What is needed:
Only the lines of the data below from the one with "Свеча заключена в" through the one with "Ezüst(Ag) kék kövekkel" are wanted. Repeat them exactly.

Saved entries
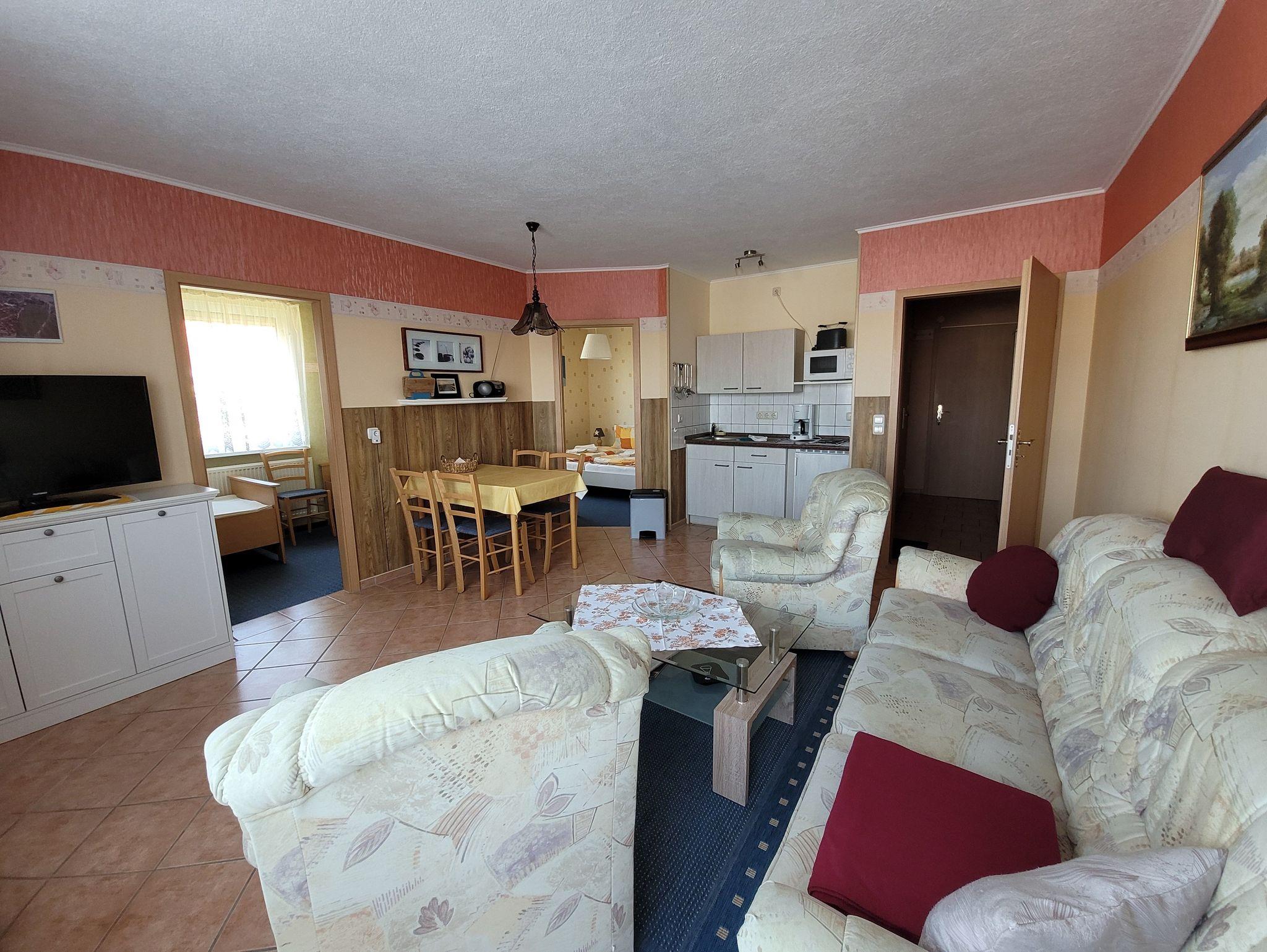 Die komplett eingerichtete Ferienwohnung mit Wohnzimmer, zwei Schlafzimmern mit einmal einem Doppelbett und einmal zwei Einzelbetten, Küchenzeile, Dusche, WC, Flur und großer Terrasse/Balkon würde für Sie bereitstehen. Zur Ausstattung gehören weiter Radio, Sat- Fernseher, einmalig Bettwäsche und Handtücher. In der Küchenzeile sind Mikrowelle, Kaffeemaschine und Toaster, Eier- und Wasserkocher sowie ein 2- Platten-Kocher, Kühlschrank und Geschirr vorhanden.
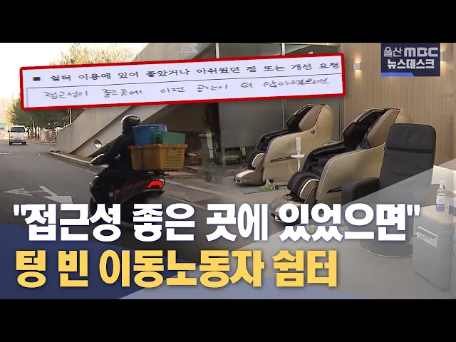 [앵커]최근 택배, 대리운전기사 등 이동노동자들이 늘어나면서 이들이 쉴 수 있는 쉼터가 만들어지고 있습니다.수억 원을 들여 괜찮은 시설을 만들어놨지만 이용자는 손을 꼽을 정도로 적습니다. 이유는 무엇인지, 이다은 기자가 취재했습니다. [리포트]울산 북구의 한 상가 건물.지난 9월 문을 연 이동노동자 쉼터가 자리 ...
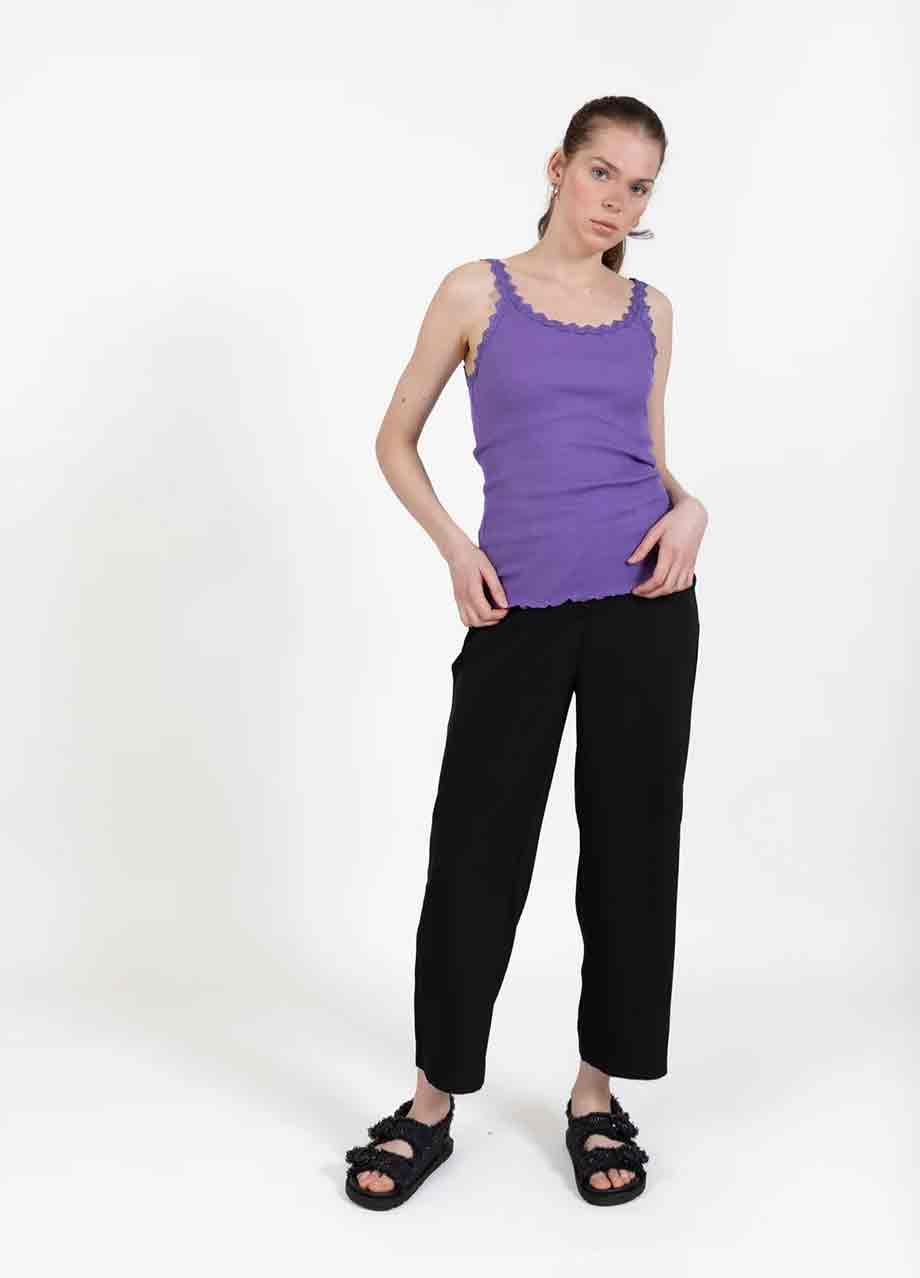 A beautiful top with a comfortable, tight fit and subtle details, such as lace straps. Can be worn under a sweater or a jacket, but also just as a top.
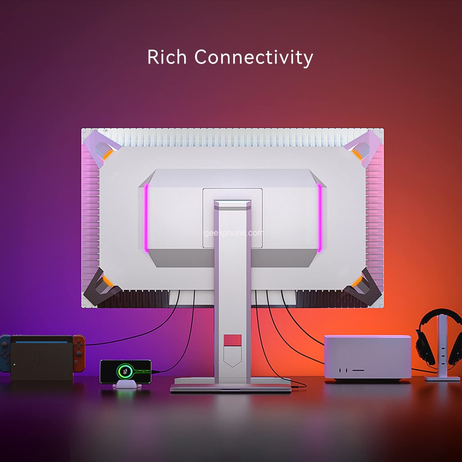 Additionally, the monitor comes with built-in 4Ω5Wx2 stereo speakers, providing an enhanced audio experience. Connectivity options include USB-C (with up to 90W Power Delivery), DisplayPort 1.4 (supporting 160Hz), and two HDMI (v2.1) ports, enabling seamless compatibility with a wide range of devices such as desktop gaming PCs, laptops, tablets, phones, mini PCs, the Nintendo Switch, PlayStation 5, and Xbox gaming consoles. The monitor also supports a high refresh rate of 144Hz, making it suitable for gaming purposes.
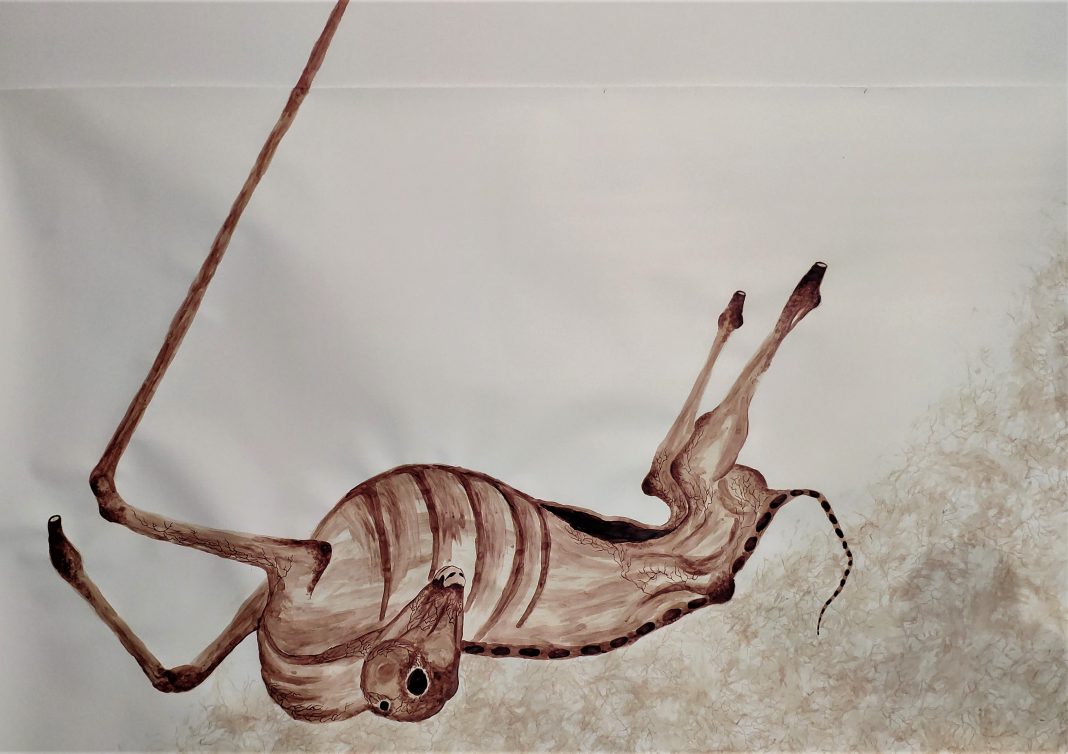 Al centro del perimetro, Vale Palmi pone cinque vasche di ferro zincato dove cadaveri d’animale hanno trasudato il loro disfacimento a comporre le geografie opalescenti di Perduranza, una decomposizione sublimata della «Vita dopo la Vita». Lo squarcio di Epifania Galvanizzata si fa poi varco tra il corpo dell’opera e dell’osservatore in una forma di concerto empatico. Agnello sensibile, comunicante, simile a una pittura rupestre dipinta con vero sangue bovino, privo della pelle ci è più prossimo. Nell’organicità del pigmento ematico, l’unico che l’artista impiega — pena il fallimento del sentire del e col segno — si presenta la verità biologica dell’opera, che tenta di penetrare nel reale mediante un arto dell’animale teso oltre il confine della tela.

* * *

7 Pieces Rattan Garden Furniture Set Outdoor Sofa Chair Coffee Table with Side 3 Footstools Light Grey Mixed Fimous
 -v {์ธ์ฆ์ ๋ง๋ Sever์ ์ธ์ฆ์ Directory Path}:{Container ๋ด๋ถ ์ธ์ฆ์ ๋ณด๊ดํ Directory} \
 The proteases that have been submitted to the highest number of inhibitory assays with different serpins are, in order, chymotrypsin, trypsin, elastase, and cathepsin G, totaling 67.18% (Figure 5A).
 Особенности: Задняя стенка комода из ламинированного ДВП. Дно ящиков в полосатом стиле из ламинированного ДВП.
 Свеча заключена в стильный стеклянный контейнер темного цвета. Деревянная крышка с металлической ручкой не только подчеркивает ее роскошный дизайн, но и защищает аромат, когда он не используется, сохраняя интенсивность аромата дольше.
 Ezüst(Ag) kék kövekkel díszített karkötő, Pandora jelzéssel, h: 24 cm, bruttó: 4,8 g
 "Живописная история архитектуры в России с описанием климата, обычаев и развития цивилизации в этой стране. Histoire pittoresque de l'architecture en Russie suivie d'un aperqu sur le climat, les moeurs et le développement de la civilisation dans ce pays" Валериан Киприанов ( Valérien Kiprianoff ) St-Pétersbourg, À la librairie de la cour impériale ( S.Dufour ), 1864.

Output for this task:
 Свеча заключена в стильный стеклянный контейнер темного цвета. Деревянная крышка с металлической ручкой не только подчеркивает ее роскошный дизайн, но и защищает аромат, когда он не используется, сохраняя интенсивность аромата дольше.
 Ezüst(Ag) kék kövekkel díszített karkötő, Pandora jelzéssel, h: 24 cm, bruttó: 4,8 g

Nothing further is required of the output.